There is plenty to do off the snow, with the train helping you to get around. Après-ski is pretty laid-back, while hotel restaurants are the focus for good

grub. There are a few reasonable bars and 2 clubs, so it's slightly livelier than the other Jungfrau resorts. Access is provided by train from Interlaken.

Overall, a beautiful family ski resort, with a great selection of skiing and non-skiing options available. Grindelwald, funnily enough, only really comes into its own when there is ample snow.

The World Snow Festival takes place in Grindelwald each year. Thousands of sculpturers present their creations on this event. It is worth watching them how they make their creations.


VILLARS :
Linked to Les Diablerets and its glacier in 1997, Villars' signature feature is its mountain railway, which winds up the valley from Bex and stops at Bretaye. Due to its lower altitude and south-facing location, Villars can be in trouble if there isn't much snow. This problem has been partially defeated by the recent introduction of snowmakers. Most of the skiing favours beginners and intermediates. For boarders there are 2 local boarding parks. The glacier has some very good off-piste. Investing in a 'Glacier - Alpes Vaudoises' pass allows you to ski on over 500km of pistes, including Gstaad and Chateau d'Oex. The on-site ski school is more than adequate and childcare is comprehensive for all ages. The town itself is more modern than Les Diablerets, but still fairly attractive. There are some decent mountain restaurants, with more local speciality venues in town. There are also several good bars, a couple of clubs and lots of off-snow activities. As a result, Villars is a relaxing, relatively quiet family resort, with ample skiing for those of lower abilities.


AROSA :
Found at the top of the delightful Schanfigg Valley, Arosa is not just a ski resort ional winter venue. Largely catering for a wealthy but unshowy clientele, Arosa has loads of Alpine ambience and attracts as many non-skiers as slope-sliders. Sitting at 1800m, the snow is very good and the lift system is highly efficient. There are 70km of pistes, largely favouring beginners and intermediates, while experts will have to make do with a few blacks and any off-piste they can find. Boarders are very welcome, although the nightlife might fall short of greater demands. Après-ski is rather sedate, mainly involving good eateries and hotel-based bars. Arosa is a great family venue - in the evenings traffic is banned from the village-centre and a free bus service takes people in and out.

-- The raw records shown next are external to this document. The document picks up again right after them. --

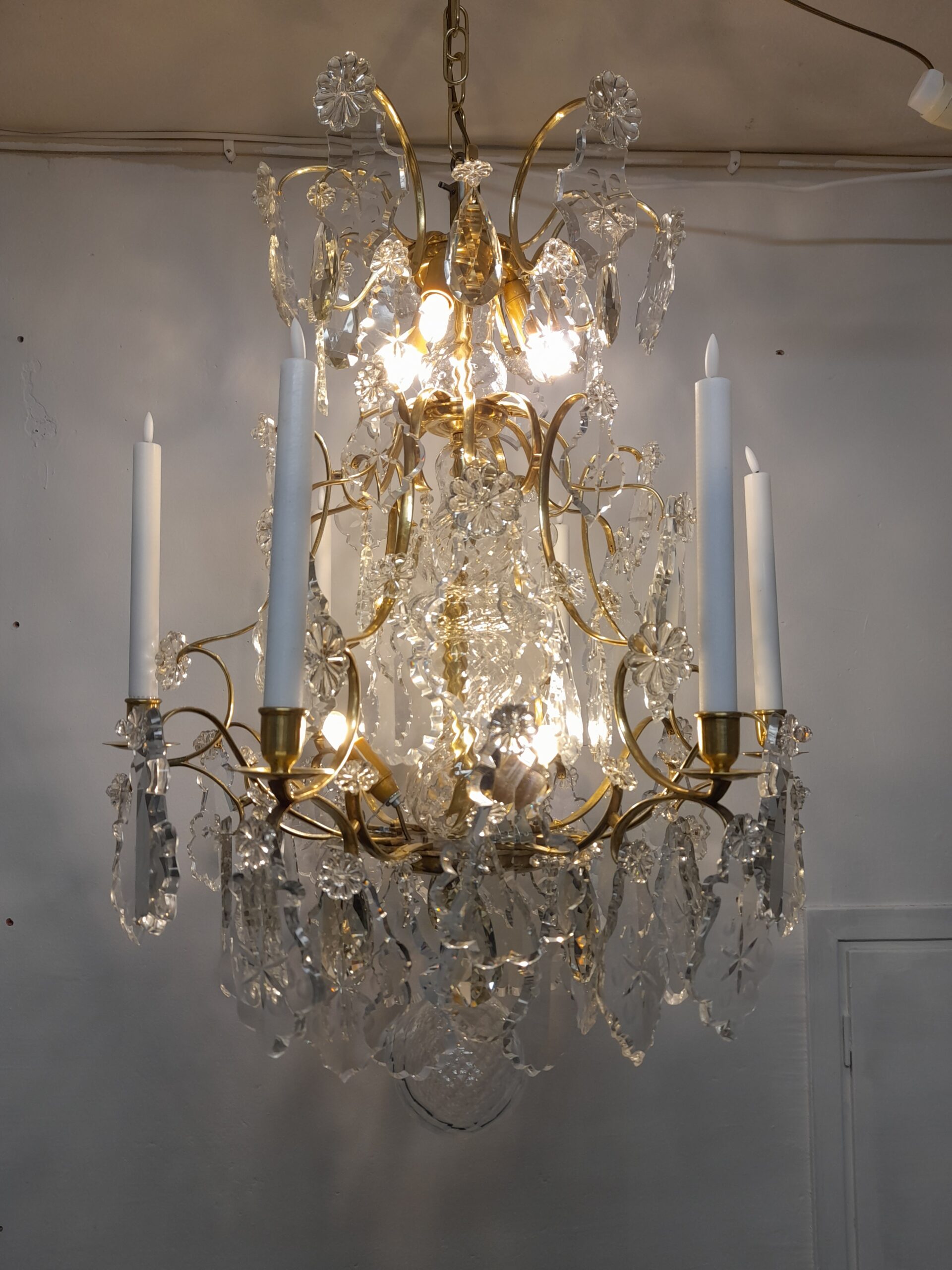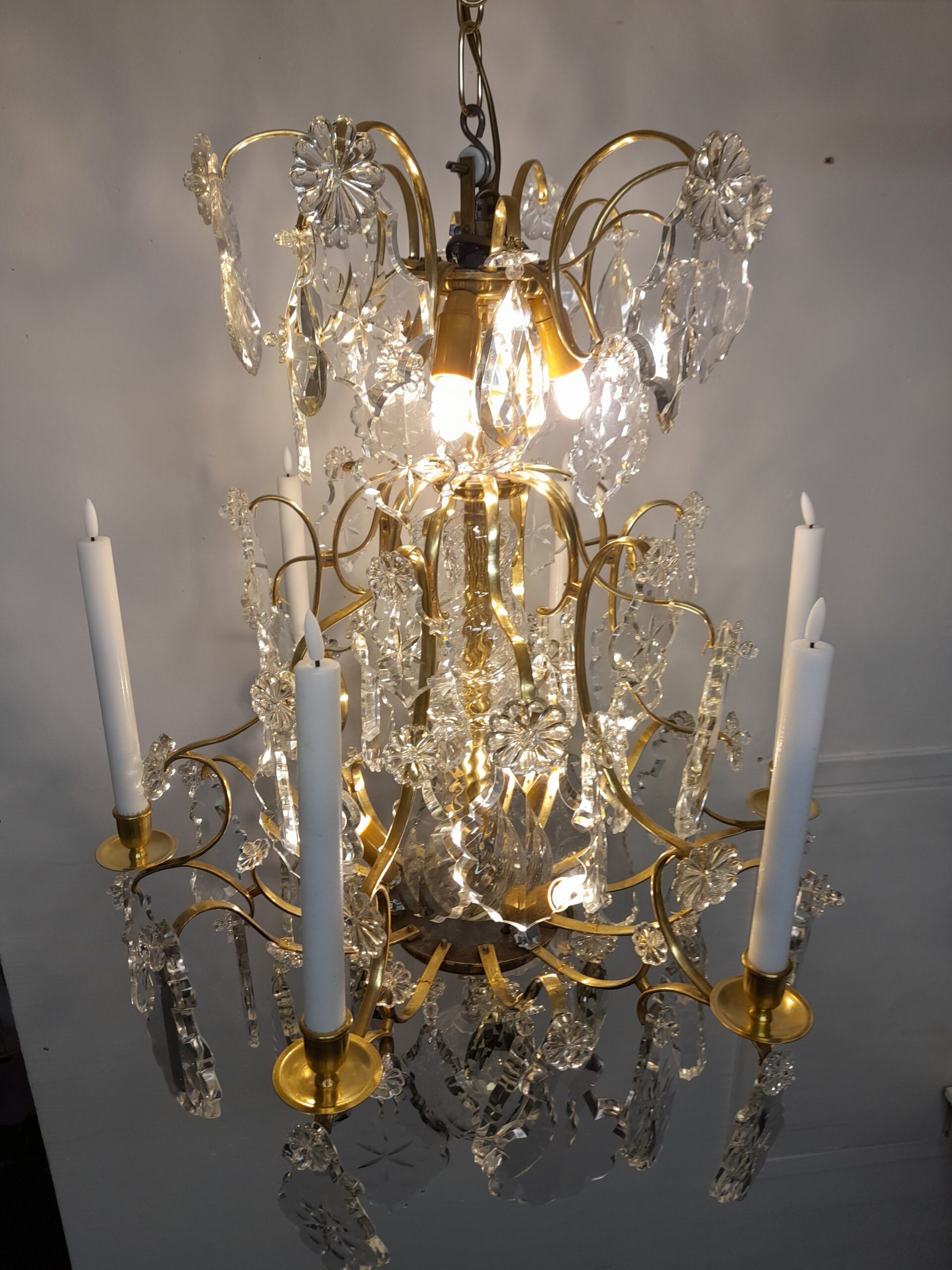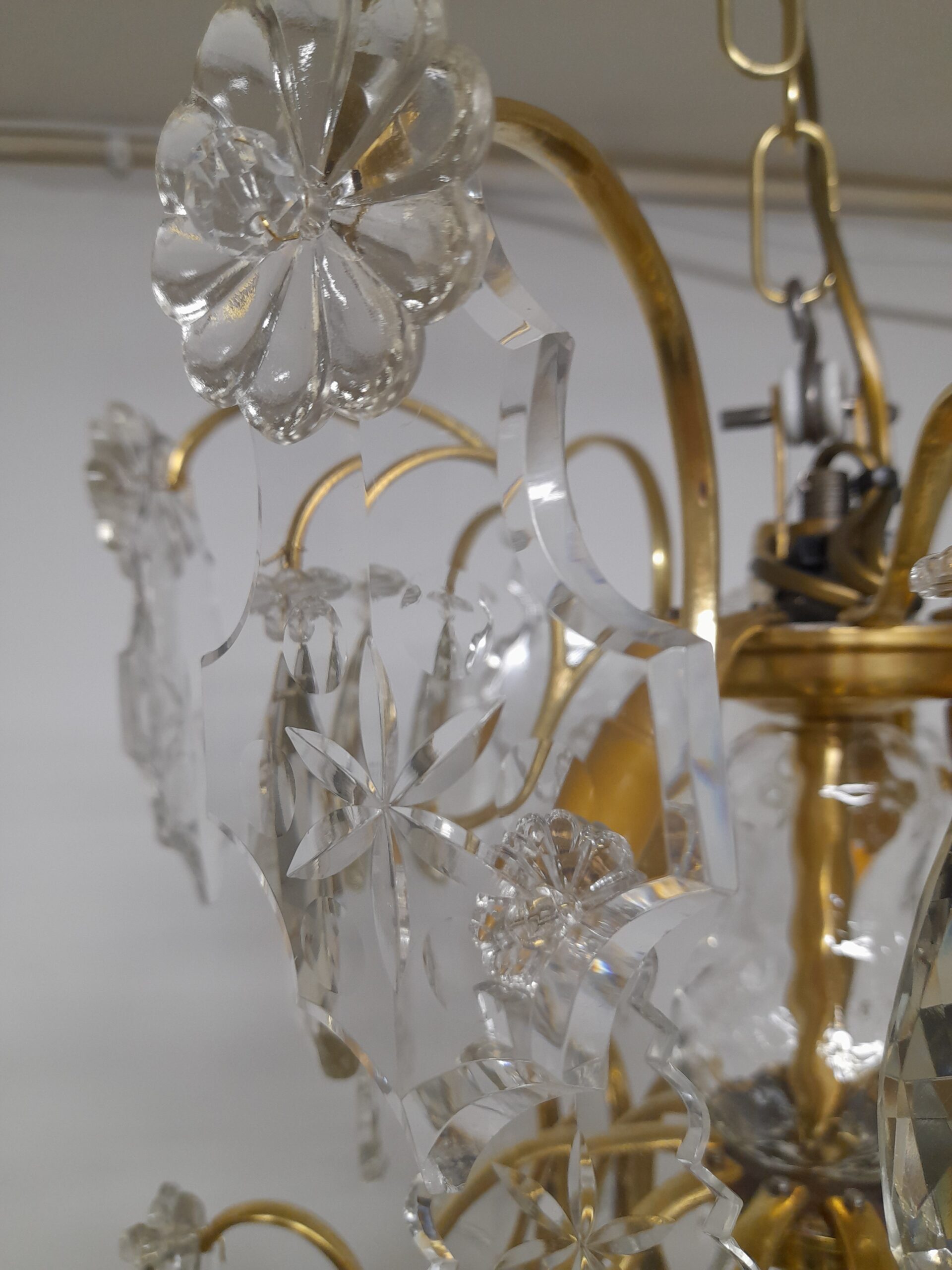 En antik 6 armad ljuskrona i rokokostil sent 1800-tal. Behängd med härligt unika graverade löv prismor med tillhörande margueriter. Stomme i solid mässing. 6 st E14 el punkter. Höjd 80 cm. Diameter: 56 cm.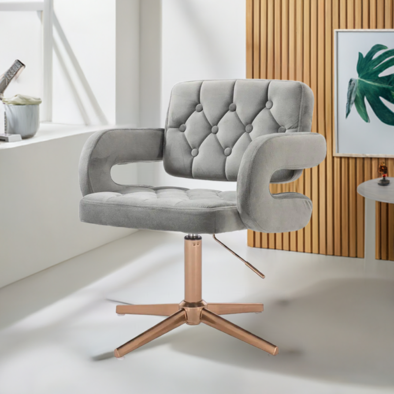 Fotel SURF Cross Stalowy Welur Złota Podstawa łączy elegancję z wygodą, idealny do nowoczesnych wnętrz i gabinetów. Miękkie siedzisko, pikowane guziki i złota podstawa tworzą efektowny akcent w każdym pomieszczeniu.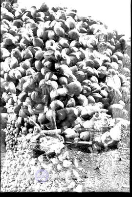 Item III.H.56.1852 - Perkebunan Kopra. Hasil panen kelapa sebelum diolah menjadi kopra dan minyak kelapa di Banyuwangi. Tanggal 28 Januari 1956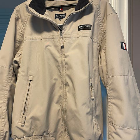 Jakken har flere lommer. Kan strammes inn både nede og oppe ved halsen.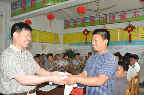 为扎实开展安全月各项活动,积极营造良好工作氛围,6月12日,在采煤、掘进、运输等单位的中班班前会上,国投新集三矿工会、团委和安检等联合开展了以强化红线意识,促进安全发展为主题的班前安全知识有奖竞答活动。图为采煤一队职工回答正确后喜领奖品的情景。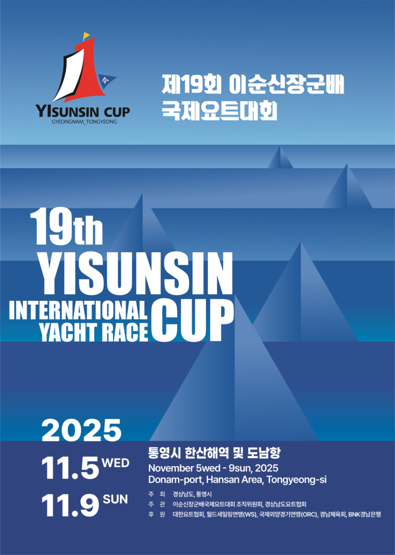 경상남도는 오는 11월 5일부터 9일까지 통영 도남관광지 및 한산해역에서 ‘제19회 이순신장군배 국제요트대회’를 개최한다.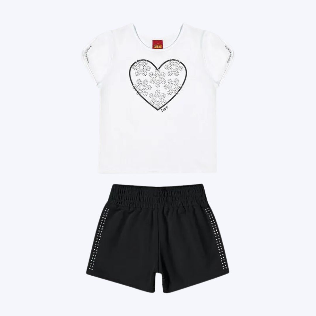 Conjunto Blusa Manga Curta e Short Moletom Juvenil Menina Kyly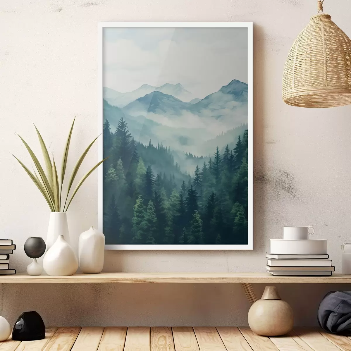 Poster Montañas y bosques pintados con acuarela en la suave bruma matinal. Nr f46519

Overall, Arosa is a friendly charming mountain resort that's very Swiss and traditional. The skiing isn't overly demanding, but perfect for learners wanting to have the full Alpine experience.


CHAMPERY :
Champery Resort Another of the Portes du Soleil resorts, Champéry benefits from access to 650km of runs, providing something for everyone. It is one of the more attractive places to stay on this circuit, maintaining its old Swiss Alpine charm and ambience. It also boasts dramatic views of the Dents du Midi. Most of the accommodation is hotel-based, as is the majority of nightlife. There are plenty of cafés and shops for early après-ski.

As for the skiing, there's loads for all on the Portes du Soleil, but Champéry is lift- not ski-linked. You'll have to take a bus for the cable car up and you can't ski back to base. Champéry's local slopes are very sunny and are ideally suited for intermediates. Unfortunately, beginners have to pay for a full lift pass just to access the nursery slopes. Experts should make the trip to get to the best stuff at Avoriaz.

Overall, Champéry's biggest pull is its cosy and friendly ambience, which compensates for the less-than-convenient slope accessibility.